> _Material for this task_
┌──
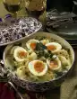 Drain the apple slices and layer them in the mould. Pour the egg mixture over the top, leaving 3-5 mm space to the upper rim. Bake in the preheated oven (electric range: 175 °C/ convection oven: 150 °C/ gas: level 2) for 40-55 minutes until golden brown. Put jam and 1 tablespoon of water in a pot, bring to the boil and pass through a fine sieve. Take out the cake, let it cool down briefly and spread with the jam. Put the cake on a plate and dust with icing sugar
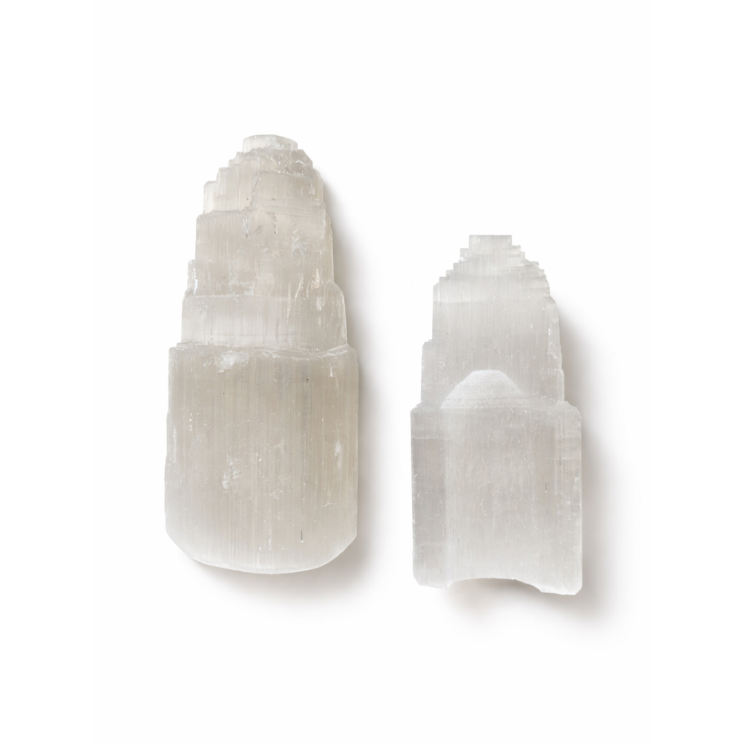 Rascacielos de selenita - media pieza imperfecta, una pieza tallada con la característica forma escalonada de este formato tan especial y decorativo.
└──
┌──
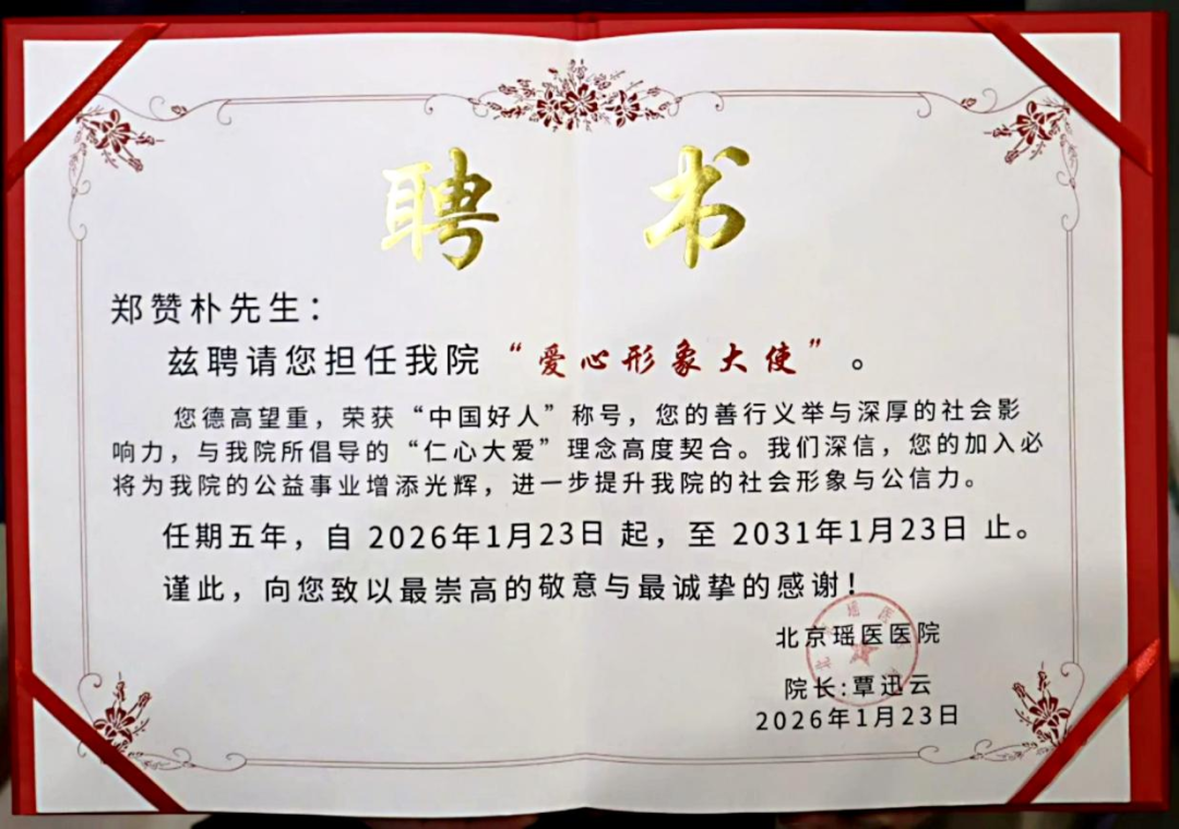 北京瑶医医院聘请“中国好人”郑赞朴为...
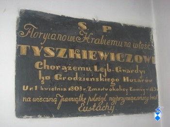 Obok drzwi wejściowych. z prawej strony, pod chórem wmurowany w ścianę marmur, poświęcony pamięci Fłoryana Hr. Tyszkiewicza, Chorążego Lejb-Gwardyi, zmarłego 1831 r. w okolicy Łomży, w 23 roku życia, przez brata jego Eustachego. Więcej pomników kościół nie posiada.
└──
> _What you should do_
What you write must match the listing exactly, from the line with "Drain the apple" up to and including the line with "Rascacielos de selenita". Pictures stay out.

> _Written solution_
 Drain the apple slices and layer them in the mould. Pour the egg mixture over the top, leaving 3-5 mm space to the upper rim. Bake in the preheated oven (electric range: 175 °C/ convection oven: 150 °C/ gas: level 2) for 40-55 minutes until golden brown. Put jam and 1 tablespoon of water in a pot, bring to the boil and pass through a fine sieve. Take out the cake, let it cool down briefly and spread with the jam. Put the cake on a plate and dust with icing sugar
 Rascacielos de selenita - media pieza imperfecta, una pieza tallada con la característica forma escalonada de este formato tan especial y decorativo.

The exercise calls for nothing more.